STORED DATA:
_____

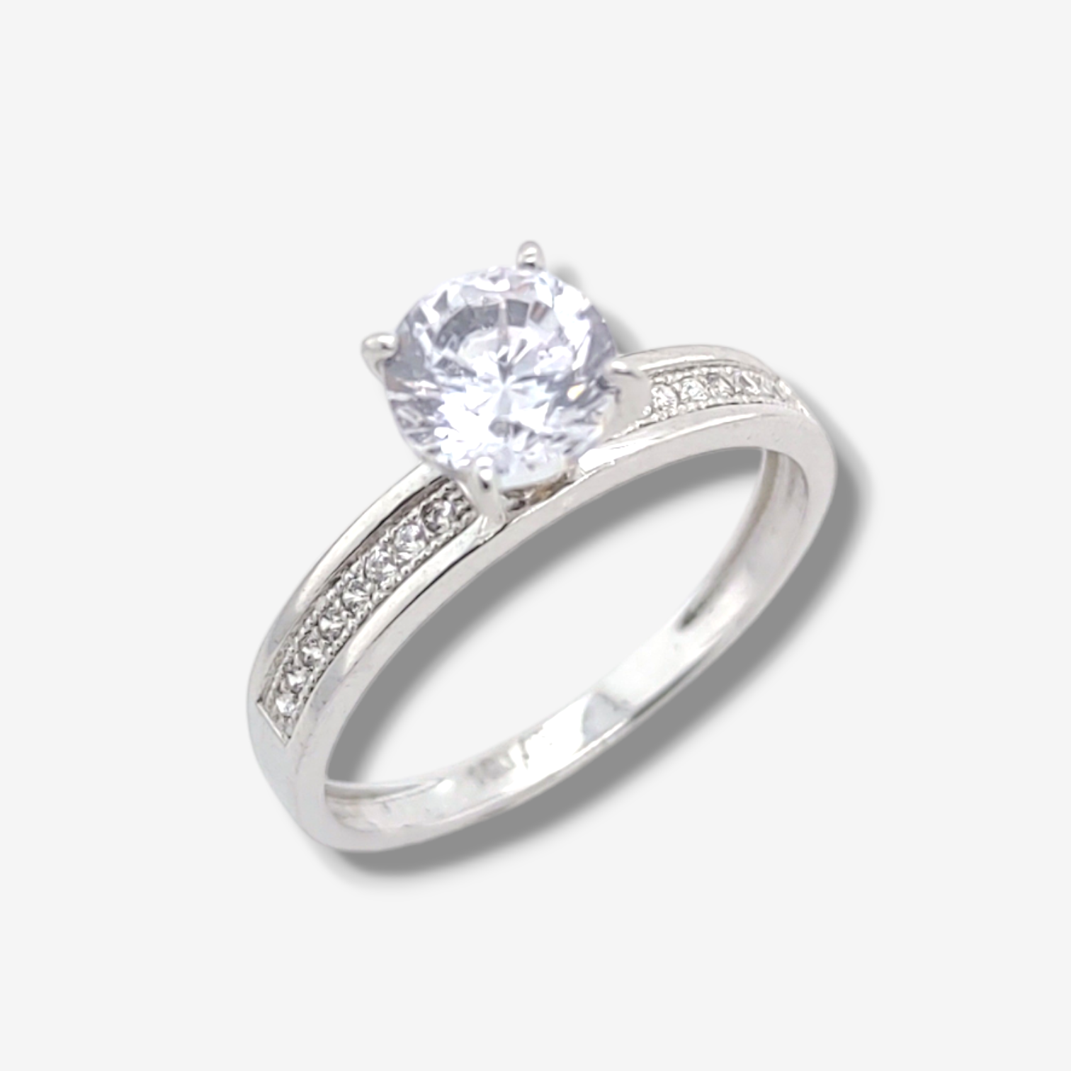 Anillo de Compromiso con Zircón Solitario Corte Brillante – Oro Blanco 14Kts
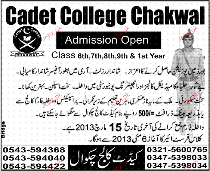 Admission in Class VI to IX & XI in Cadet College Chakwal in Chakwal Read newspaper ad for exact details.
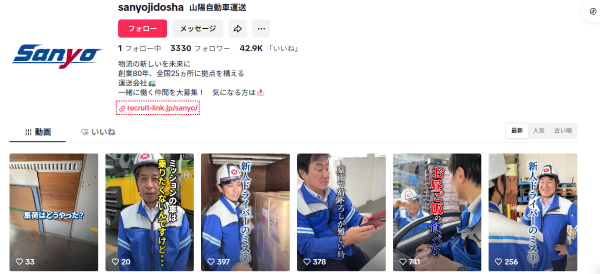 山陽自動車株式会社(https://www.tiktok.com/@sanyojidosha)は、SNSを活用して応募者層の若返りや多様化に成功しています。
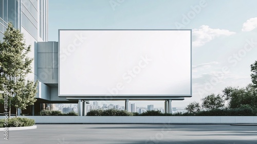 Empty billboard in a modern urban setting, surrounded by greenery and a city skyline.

_____

WHAT YOU SHOULD DO: Starting with the line that contains "山陽自動車株式会社(http", copy every line word for word through the end of the listing above, but leave out the pictures.

EXERCISE SOLUTION:
 山陽自動車株式会社(https://www.tiktok.com/@sanyojidosha)は、SNSを活用して応募者層の若返りや多様化に成功しています。
 Empty billboard in a modern urban setting, surrounded by greenery and a city skyline.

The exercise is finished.